Reports out during yesterday’s trading session indicated that tariffs would remain in place until after the US elections in November despite the signing of this deal.  No sooner than 10 months after the signing of the agreement, the US will review progress and potentially consider additional cuts on tariffs affecting $360bn of imports from China.

This period of review, which isn’t expected to be specified in the deal text, is designed to allow the US administration time to verify China’s adherence to the agreement, which will ultimately determine the extent of tariff reductions.  Additionally, it appears that the details around China’s commitments on additional agricultural purchases will be included in a confidential annex.  However, a 50% reduction in the 15% tariff on about $120bn in Chinese goods announced last December is still set to go through.  Notably, the deal will, for the first time, punish China if it fails to deliver on its commitments regarding intellectual property, currency and the trade balance. 

As the less optimistic details of the deal emerged yesterday, the markets switched to a bit of a risk off mode, but all in all, it was relatively mild.  This muted reaction is likely due to market expectations that tariff reductions will be linked to China’s performance and relief that there is a step down agreement that has de-escalated trade tensions between the two nations. 

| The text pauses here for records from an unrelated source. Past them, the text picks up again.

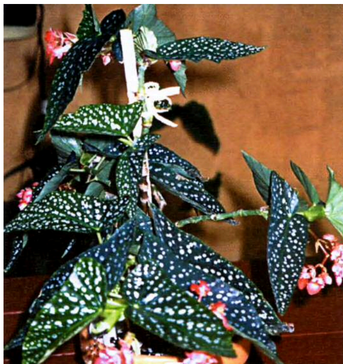
B. 'Peggy's Pet'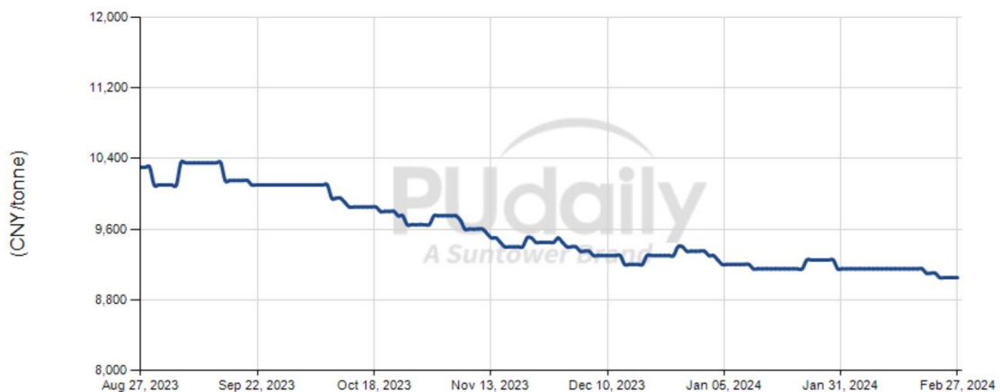
Flexible Slabstock Polyols (Bulk/DEL) Daily Prices in South China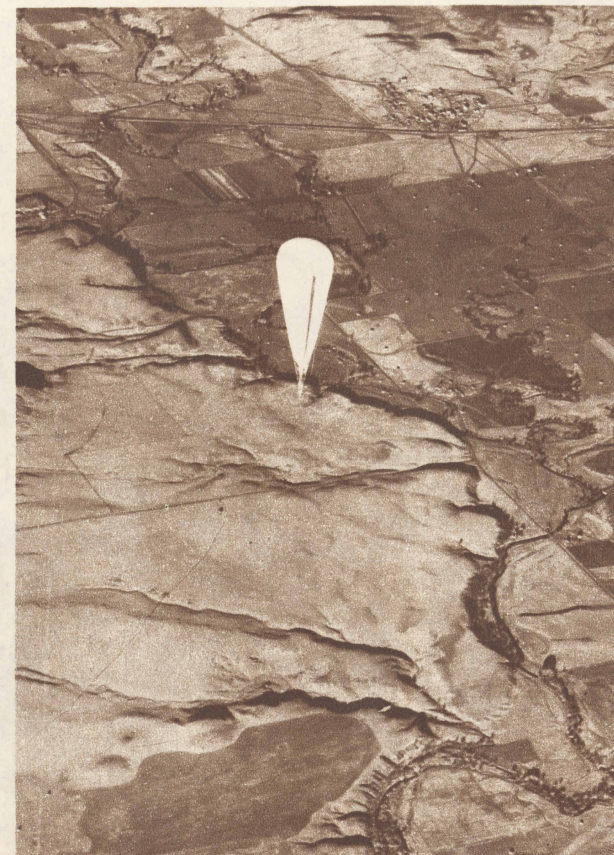
THE STRATOSPHERE is pierced for a record altitude of 72,395 feet in the November flight of the Explorer II, at Rapid City.

For today, attention will turn to the details of the agreement which are still largely unknown.  Over the longer run, it bears reminding that the most significant issues at the heart of China’s model of state capitalism still remain unresolved.  This means that while reduced, tension between the two countries are still far from resolved.
  • Speaking of unresolved tensions, news reports suggest that the US administration is making moves to block more sales to Huawei, China’s leading telecom company. 
  • US PPI data rose 0.1% versus expectations for a 0.2% increase.  Weakness in the reading came from a flat service sector.  The Empire State manufacturing index came in at 4.8, beating expectations of a 3.6 print.  This beat came despite risks from the Boeing 737 MAX production halt. 
  • UK MoM CPI missed as it came in flat against expectations for a 0.2% increase.  PPI data also missed as it also printed flat against expectations for a 0.1% MoM increase.  Markets are becoming increasingly focused on the possibility of a BoE rate cut with BoE member Michael Saunders pushing for a policy response to avoid a “low inflation trap.”
  • German GDP rose 0.6%, meeting expectations.  Additionally, the budget surplus as a percentage of GDP came in at 1.5%, beating expectations for a 1.2% print.  This highlights a key issue for the Eurozone as countries with fiscal space are not using it for fiscal stimulus, further prolonging the slowdown.